But, your point still stands, if the device is capable of a 512b write and you tell it to do so against your best interest, it probably should let you, with some loud warnings at least.
Hi Jesus Yes, hope the option could work. with some loud warnings is OK.
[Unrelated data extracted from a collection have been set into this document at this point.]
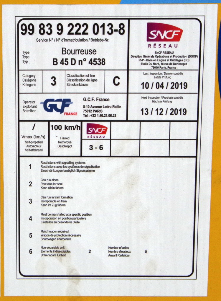 Voici la Bourreuse de type B45D de Matisa n°4538 - 2016 - 99 83 9 222 013-8 de GCF France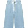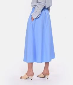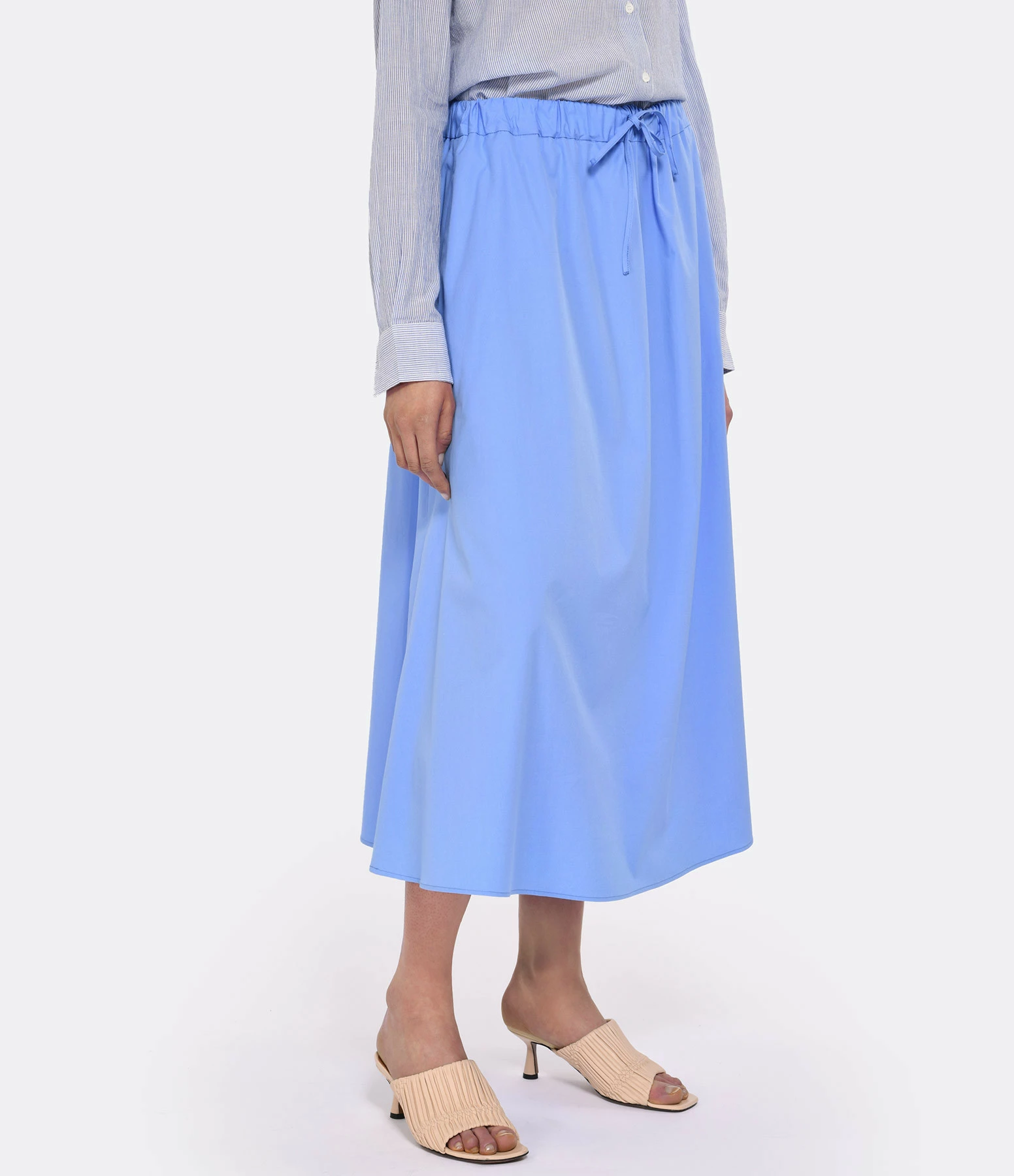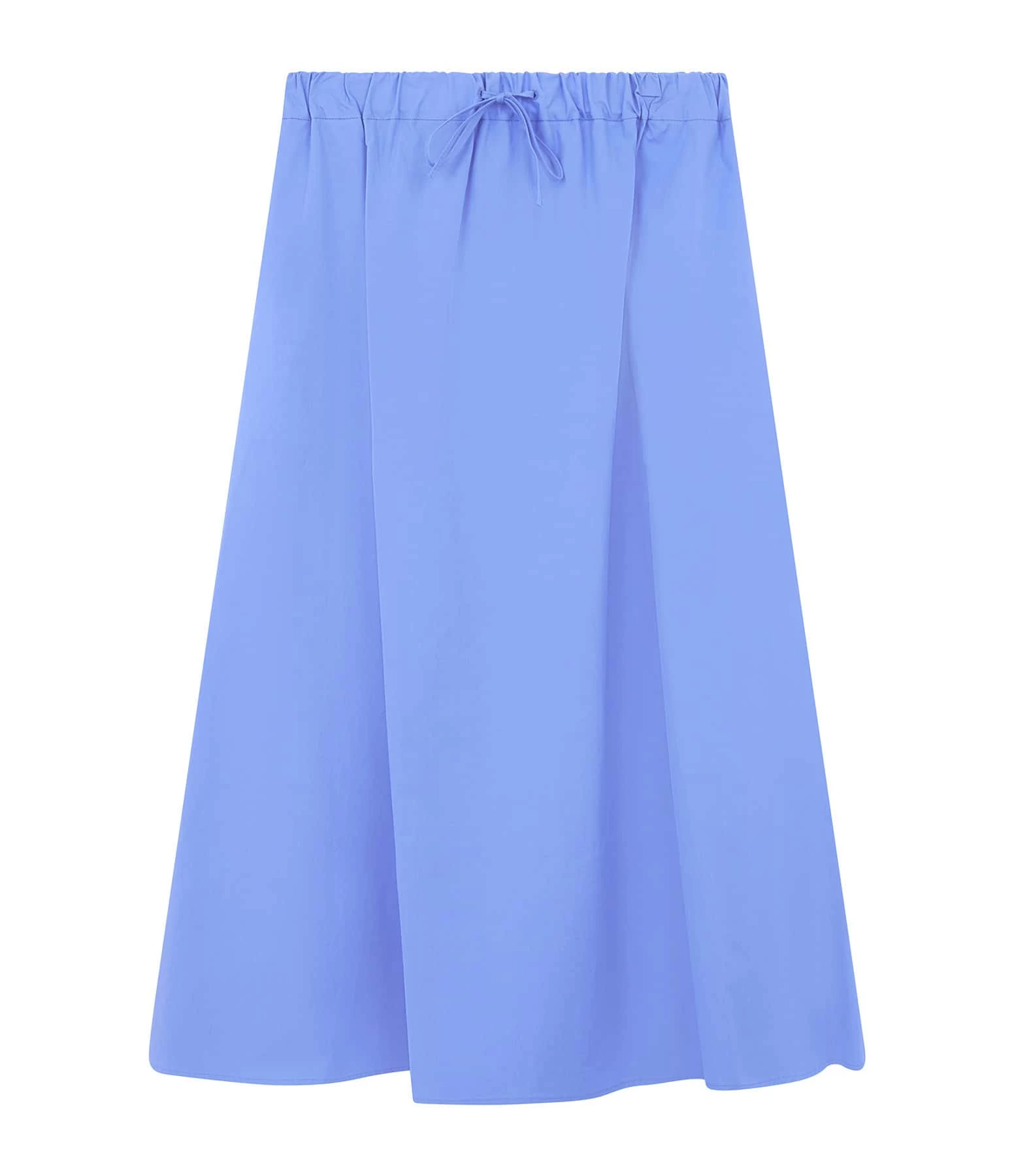 Jupe mi-longue en coton bleu. Taille élastiquée avec cordon de serrage sur le devant. Coupe évasée. Base droite.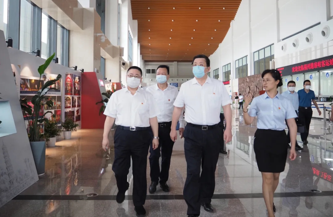 5月25日下午,福建省国资委党委书记、主任黄莼率省国资委相关部门负责同志一行,至福建交通集团所属福州港客运站,了解省委主要领导调研交通集团的指示要求落实情况,调研复工复产、疫情防控及安全生产工作。福建交通集团党委书记、董事长李兴湖,福州港务集团党委书记、董事长陈剑钟等陪同调研。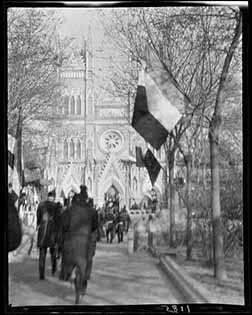 3、11月15日西什库教堂祈祷大会11月15日上午,为庆祝一战胜利,北京各国公使在西什库教堂举行战捷告祭祈祷大会。据报纸记载,这是协约各国召集本国官商侨民举行的活动,无论老幼贫富一律到堂祈祷。[3]活动还邀请了中国政界要人,外交总长陆徵祥、参议院院长梁士诒、原国务总理段祺瑞及孙宝琦等参加了活动。[4]甘博共有6张照片记录了这次活动(图6、7)。需要指出的是,甘博这组照片的说明是“11月13日胜利庆典”,而照片编号却排在11月14日的学界游行之后,实际上这次活动发生在11月15日。在这组照片中,有一张照片(图8)拍摄的是中华门(1959年拆除,现址为毛主席纪念堂)前的牌楼。据报载,这是一战胜利后北京政府内务部募集工匠搭建的最新式的花彩牌楼,装有电灯,牌楼顶上悬挂各参战国国旗,翻飞掩映,非常壮观。[5]从照片可以看出,坊额为“公理战胜”。

The easy way to test ashift=9 in 2.0.7
- ./module/os/linux/zfs/vdev_disk.c:334: *physical_ashift = highbit64(MAX(physical_block_size,
+ ./module/os/linux/zfs/vdev_disk.c:334: *physical_ashift = highbit64(MIN(physical_block_size,
In my ashfit=9 test, Severe performance decreased in one HDD vendor
Another one 512B is OK
If you want to upgrade to 20+TB HDD with ashfit=9, zfs 0.7.X is not appropriate, must be 0.8 or higher
And if you add special class for offloading, two vendors could work well in our work loading
If you want to get the high performance, ashfit=12 is the only choice
Here is the directory test under 2.1.11. It appears that ashift 12 also wastes a lot of space.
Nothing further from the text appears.